I actually wish we've had more possibilities to diverge, for example to use native Internet Protocol address data types for ipb_address etc...
So abstractions would have been done up in the application layer, not just on some single storage layer.

saper added a comment.EditedJul 8 2019, 8:45 AM

A tiny example of what I mean is https://phabricator.wikimedia.org/T203850 - had we had an abstraction to handle JSON values in IDatabase, we wouldn't need fixes like https://gerrit.wikimedia.org/r/c/mediawiki/extensions/TemplateData/+/521193 - JSON could end up as JSONB in Postgres and a BLOB in MySQL. Sometimes the abstractions would need to go much higher than this, providing a DB-specific implementation of it.

Otherwise we will end up one day with everything being varbinary or blob.

In any case, splitting DBMS out of core is an absolute non-starter until the installer can make use of them somehow without LocalSettings.php existing. Once that happens and is well-supported rather than an afterthought, I’d be happy to re-evaluate moving less-supported DBMS into extensions or whatever system is devised for that.

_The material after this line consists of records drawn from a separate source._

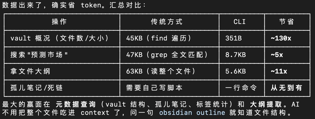 以前 AI 要了解筆記庫概況,得遍歷所有文件(45KB);現在一行命令,351 字節。看一篇筆記結構,以前讀整個文件(63KB),現在只返回標題大綱(5KB)。查孤儿筆記、死鏈,以前得自己寫腳本,現在一行命令秒出。
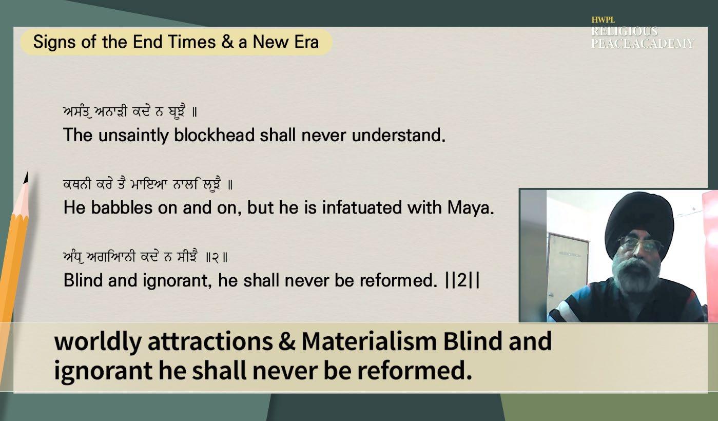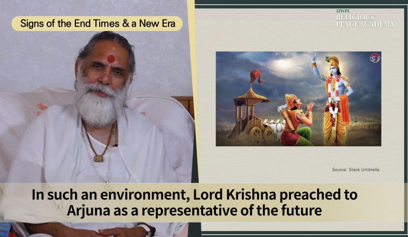 마지막 때를 위해 힌두 경전에서 마하바라타 전쟁을 언급했는데, 이는 코로 나19와 같은 문제로 인한 전쟁 구름과 세계 지배로 가득 찬 현 시대를 상징하 며 불안, 불안정, 혼란, 의심의 시간으로 이어집니다. 다가오는 세계는 평화와 조화의 신성한 세계가 될 것이며 이를 달성하기 위해서는 힌두교 경전인 바가
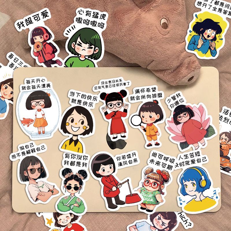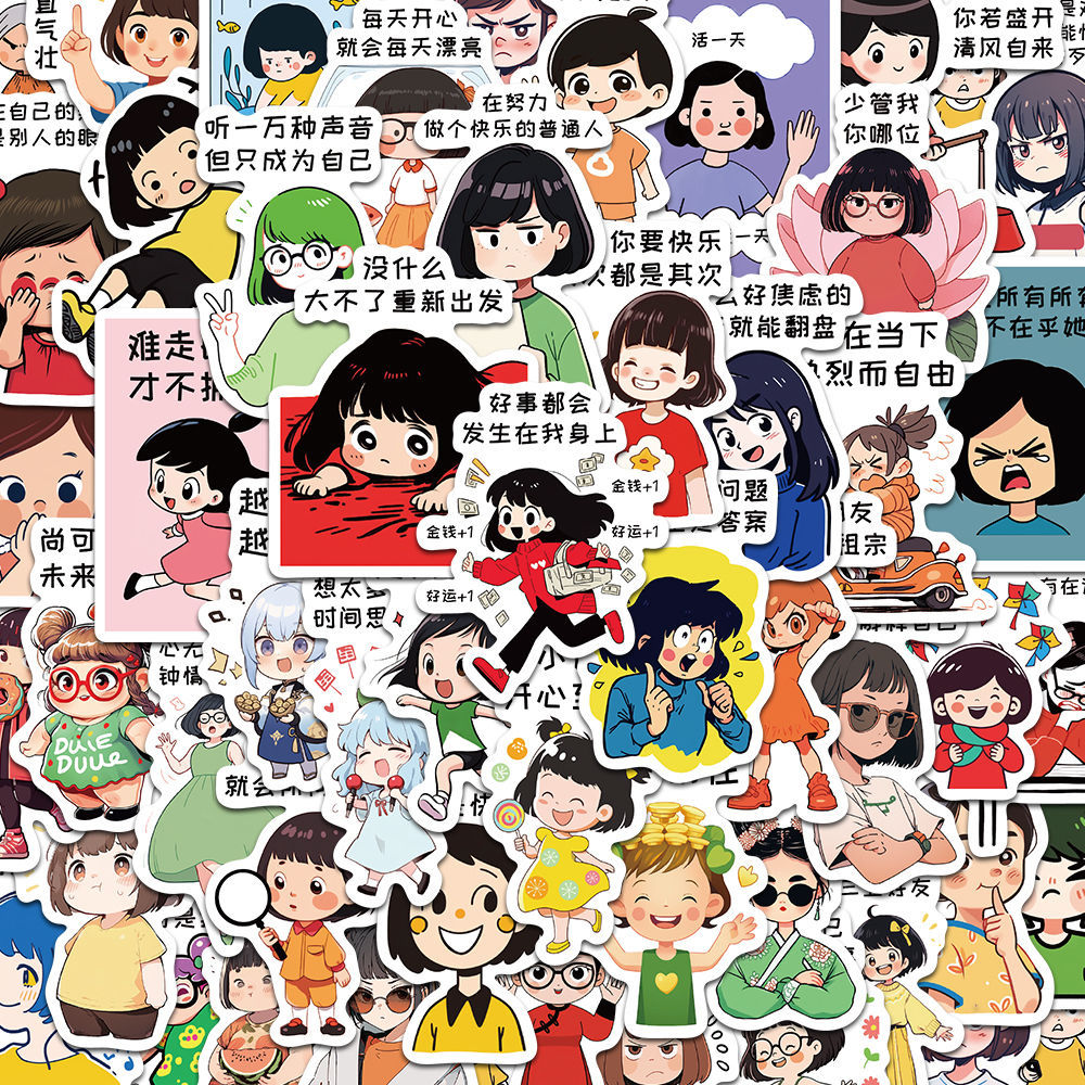 50张乐观语录拒绝内耗文案贴纸创意治愈系装饰diy防水贴画手机壳
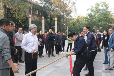 10月17日下午,由机关党委、机关工会共同举办的“不忘初心 牢记使命 庆祝新中国成立七十周年”机关教职工拔河比赛在东区活动中心广场举行。机关各部门组成的7支队伍共70余名教职工参加了比赛,校党委常委、副校长、机关党委书记朱长飞,校党委常委、副校长王晓平,校工会、机关党委、机关工会的负责同志到比赛现场为队员们加油鼓劲。
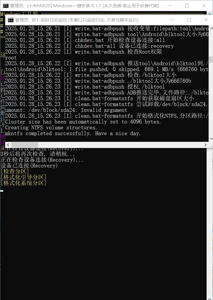 接着我们等待脚本执行:整个过程会自动进行,注意不要操作手机和断开连接线即可
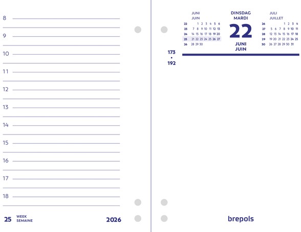 Omlegblok 2026 Brepols 1dag/2pagina's universele ponsing
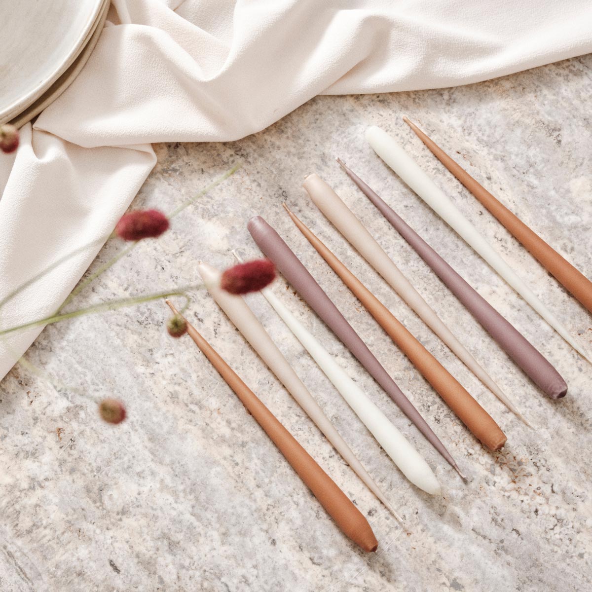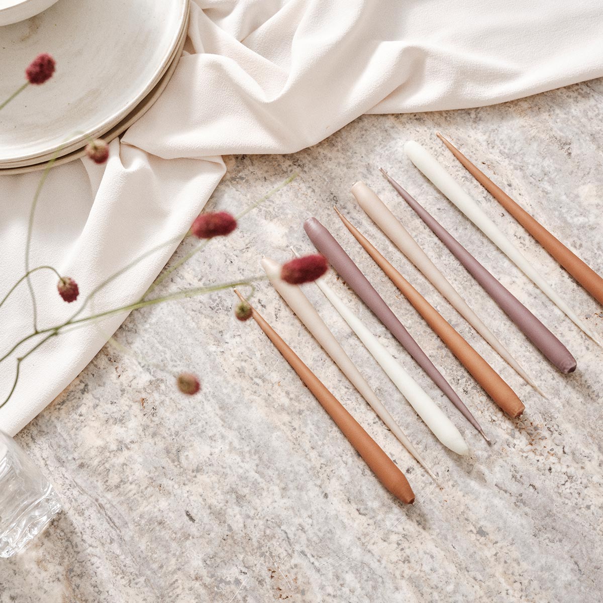 With their graceful and slender shape, Ester & Erik's matt tapered candles will surely bring something special to your table.
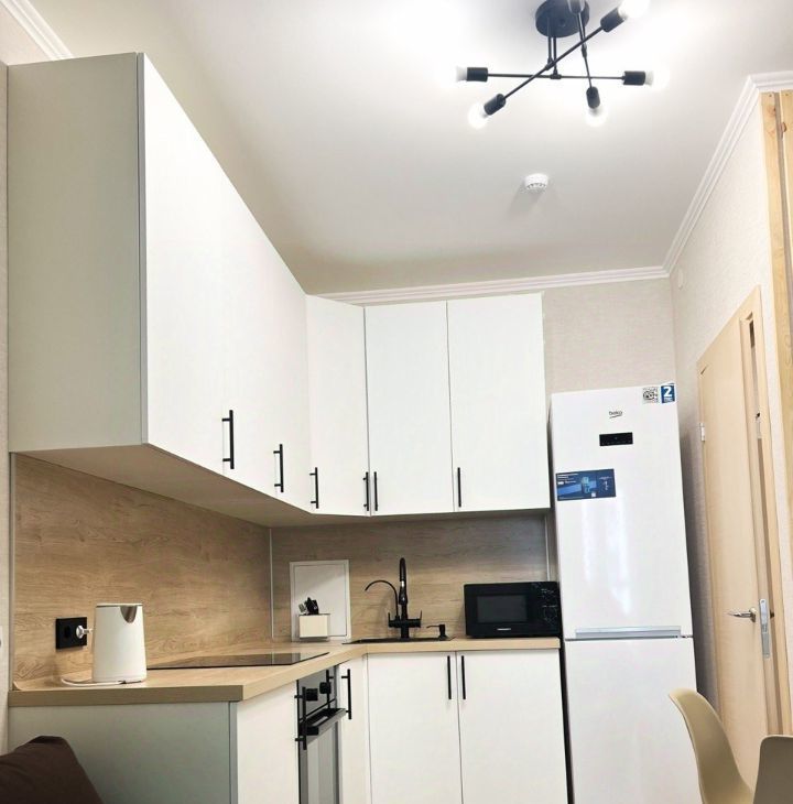 - Кухня-гостинная с большим холодильником, микроволновкой, духовкой, индукционной плитой и бесшумной раковиной

I was able to get support for Percona as a selection in the installer by adding one function: Installer::addDBType().

Comments and +2 on above welcome! :)

A tiny example of what I mean is https://phabricator.wikimedia.org/T203850 - had we had an abstraction to handle JSON values in IDatabase, we wouldn't need fixes like https://gerrit.wikimedia.org/r/c/mediawiki/extensions/TemplateData/+/521193 - JSON could end up as JSONB in Postgres and a BLOB in MySQL. Sometimes the abstractions would need to go much higher than this, providing a DB-specific implementation of it.
Otherwise we will end up one day with everything being varbinary or blob.

This. A proper DB abstraction should not be about trying to define the lowest common denominator of, for example, an INT field (can't be signed, limited to 16 bits because we need to support FoobarDB, etc.). It should be about defining high-level data types (e.g. EMAIL, ARTICLE_TEXT, etc.) and allowing the individual abstraction layers to map them to the most appropriate type in the back-end system.

This. A proper DB abstraction should not be about trying to define the lowest common denominator of, for example, an INT field (can't be signed, limited to 16 bits because we need to support FoobarDB, etc.). It should be about defining high-level data types (e.g. EMAIL, ARTICLE_TEXT, etc.) and allowing the individual abstraction layers to map them to the most appropriate type in the back-end system.

If the application level has a concrete need for a data type that cannot be met directly by one of the available types, then we may want to look into defining such higher level types. But as soon as the representation of such types changes the schema structurally, e.b. by representing geo-coordinates in one field on some DBs, and in two or more fields on other DBs, then we get dangerously close to writing an ORM system. With all the complexity and performance issue that this implies. I'd be very, very careful about going in that direction.

Also, moxing application level concepts into the DB abstraction layer (e.g. ARTICLE_TEXT) sounds like a bad idea. In this example in particular, since article content may not be text - it may in fact be JSON, and should be using a completely different type internally. And the knowledge what type to use, and how, needs to reside in the code that defines the content model.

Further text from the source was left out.